In 1958, both the U.S. and Soviet Union informally agreed to suspend nuclear testing. However, this agreement was ended when the Soviets resumed testing in 1961, followed by a series of nuclear tests conducted by the U.S. These events led to much political fallout, as well as the Cuban Missile Crisis in 1962. It was felt by American and Soviet leaders that something had to be done to ease the significant tensions between these two countries, so on October 10, 1963, the Limited Test Ban Treaty (LTBT) was signed. This was an agreement between the U.S., the Soviet Union, and the U.K., which significantly restricted nuclear testing. All atmospheric, underwater, and outer space nuclear testing were agreed to be halted, but testing was still allowed underground. An additional 113 countries have signed this treaty since 1963.

SALT I and SALT II limited the size of the U.S. arsenal. Bans on nuclear testing, anti-ballistic missile systems, and weapons in space all attempted to limit the expansion of the arms race through the Partial Test Ban Treaty.

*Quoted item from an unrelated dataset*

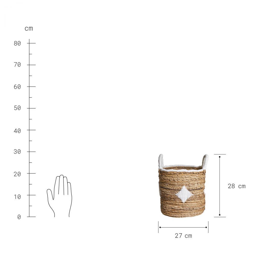 Τα φύλλα μπανάνας σε φυσικό χρώμα συνάντησαν την λευκή κορδέλα, και έτσι δημιουργήθηκε το καλοκαιρινό καλάθι BANANAS. Αυτό το καλάθι μπορεί να χρησιμοποιηθεί ως διακοσμητικό στοιχείο στο χώρο σας και ταυτόχρονα για αποθήκευση, π.χ. για γραφική ύλη στο γραφείο του σπιτιού ή για χτένες, βούρτσες κ.α. στο μπάνιο. Διατίθεται σε διάφορες εκδόσεις.
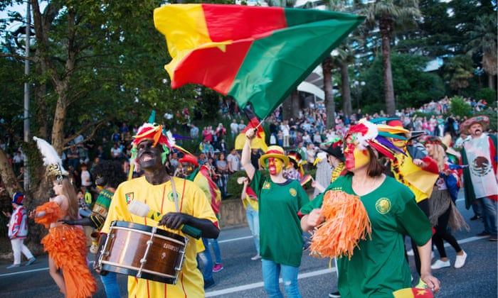 A photograph from state news agency Tass showed a man in a Cameroon jersey with his face and arms painted black beating a drum at the Carnaval Sochi Fest parade on Saturday. A second man in blackface is visible behind him, wearing an Afro wig and carrying a drum and bananas on a string.

In November, 1969, Strategic Arms Limitation Talks (SALT) begun. This was primarily due to the economic impact that nuclear testing and production had on both U.S. and Soviet economies. The SALT I Treaty, which was signed in May 1972, produced an agreement on two significant documents. These were the Anti-Ballistic Missile Treaty (ABM Treaty) and the Interim Agreement on the Limitation of Strategic Offensive Arms. The ABM treaty limited each country to two ABM sites, while the Interim Agreement froze each country's number of intercontinental ballistic missiles (ICBMs) and submarine-launched ballistic missiles (SLBMs) at current levels for five years. This treaty significantly reduced nuclear-related costs as well as the risk of nuclear war. However, SALT I failed to address how many nuclear warheads could be placed on a single missile. A new technology, known as multiple-independently targetable re-entry vehicle (MIRV), allowed single missiles to hold and launch multiple nuclear missiles at targets while in mid-air. Over the next 10 years, the Soviet Union and U.S. added 12,000 nuclear warheads to their already built arsenals.

Throughout the 1970s, both the Soviet Union and United States replaced older warheads and missiles with newer, more powerful and effective ones. On June 18, 1979, the SALT II treaty was signed in Vienna. This treaty limited both sides' nuclear arsenals and technology. However, in light of the Soviet Union's invasion of Afghanistan in December 1979, the United States Senate never ratified the SALT II treaty. This ended the treaty negotiations as well as the era of détente.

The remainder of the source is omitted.